* **WHAT YOU ARE ASKED TO DO**: Transcribe the entries below word for word, beginning at the line with "- main() 메소드에서는" and stopping after the line with "近年来,新能源汽车因其环保、"; drop all pictures.

* **DATA EXCERPTS**:

————

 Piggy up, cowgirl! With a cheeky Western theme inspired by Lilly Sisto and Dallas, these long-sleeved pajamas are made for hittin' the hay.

————

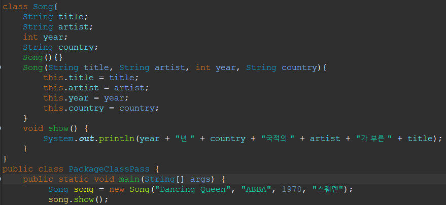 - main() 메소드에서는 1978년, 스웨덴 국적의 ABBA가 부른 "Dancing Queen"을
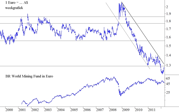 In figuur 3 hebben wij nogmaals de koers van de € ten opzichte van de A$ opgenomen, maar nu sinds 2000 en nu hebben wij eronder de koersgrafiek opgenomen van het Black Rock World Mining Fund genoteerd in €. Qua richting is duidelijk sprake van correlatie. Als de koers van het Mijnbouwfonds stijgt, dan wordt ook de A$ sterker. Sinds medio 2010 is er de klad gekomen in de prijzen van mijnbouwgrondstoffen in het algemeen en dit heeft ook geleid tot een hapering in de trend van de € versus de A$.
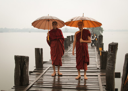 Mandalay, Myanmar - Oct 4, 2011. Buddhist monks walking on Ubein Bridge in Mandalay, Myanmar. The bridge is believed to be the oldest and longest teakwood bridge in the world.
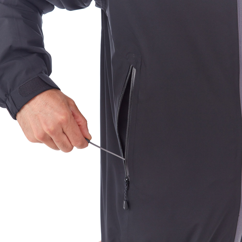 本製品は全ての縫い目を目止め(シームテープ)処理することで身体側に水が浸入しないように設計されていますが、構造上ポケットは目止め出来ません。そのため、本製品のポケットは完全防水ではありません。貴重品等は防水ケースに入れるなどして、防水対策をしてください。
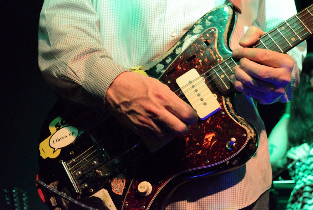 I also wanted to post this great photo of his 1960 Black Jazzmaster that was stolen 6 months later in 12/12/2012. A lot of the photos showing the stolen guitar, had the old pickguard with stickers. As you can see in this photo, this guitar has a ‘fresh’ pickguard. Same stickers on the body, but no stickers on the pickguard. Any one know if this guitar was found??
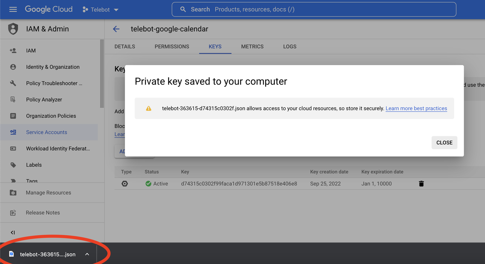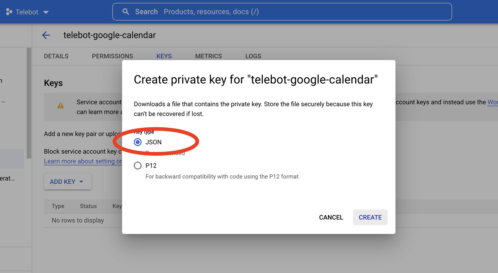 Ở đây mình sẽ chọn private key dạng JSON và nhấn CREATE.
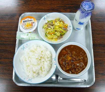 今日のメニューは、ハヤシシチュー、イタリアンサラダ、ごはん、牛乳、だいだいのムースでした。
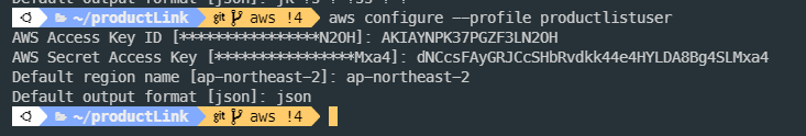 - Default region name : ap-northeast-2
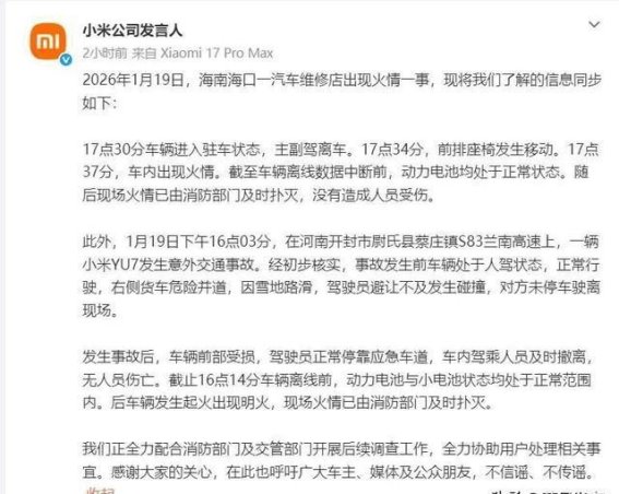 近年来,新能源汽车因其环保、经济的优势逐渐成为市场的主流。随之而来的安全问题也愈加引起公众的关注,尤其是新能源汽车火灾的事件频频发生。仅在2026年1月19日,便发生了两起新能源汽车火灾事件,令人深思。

————

* **TASK ANSWER**:
 - main() 메소드에서는 1978년, 스웨덴 국적의 ABBA가 부른 "Dancing Queen"을
 In figuur 3 hebben wij nogmaals de koers van de € ten opzichte van de A$ opgenomen, maar nu sinds 2000 en nu hebben wij eronder de koersgrafiek opgenomen van het Black Rock World Mining Fund genoteerd in €. Qua richting is duidelijk sprake van correlatie. Als de koers van het Mijnbouwfonds stijgt, dan wordt ook de A$ sterker. Sinds medio 2010 is er de klad gekomen in de prijzen van mijnbouwgrondstoffen in het algemeen en dit heeft ook geleid tot een hapering in de trend van de € versus de A$.
 Mandalay, Myanmar - Oct 4, 2011. Buddhist monks walking on Ubein Bridge in Mandalay, Myanmar. The bridge is believed to be the oldest and longest teakwood bridge in the world.
 本製品は全ての縫い目を目止め(シームテープ)処理することで身体側に水が浸入しないように設計されていますが、構造上ポケットは目止め出来ません。そのため、本製品のポケットは完全防水ではありません。貴重品等は防水ケースに入れるなどして、防水対策をしてください。
 I also wanted to post this great photo of his 1960 Black Jazzmaster that was stolen 6 months later in 12/12/2012. A lot of the photos showing the stolen guitar, had the old pickguard with stickers. As you can see in this photo, this guitar has a ‘fresh’ pickguard. Same stickers on the body, but no stickers on the pickguard. Any one know if this guitar was found??
 Ở đây mình sẽ chọn private key dạng JSON và nhấn CREATE.
 今日のメニューは、ハヤシシチュー、イタリアンサラダ、ごはん、牛乳、だいだいのムースでした。
 - Default region name : ap-northeast-2
 近年来,新能源汽车因其环保、经济的优势逐渐成为市场的主流。随之而来的安全问题也愈加引起公众的关注,尤其是新能源汽车火灾的事件频频发生。仅在2026年1月19日,便发生了两起新能源汽车火灾事件,令人深思。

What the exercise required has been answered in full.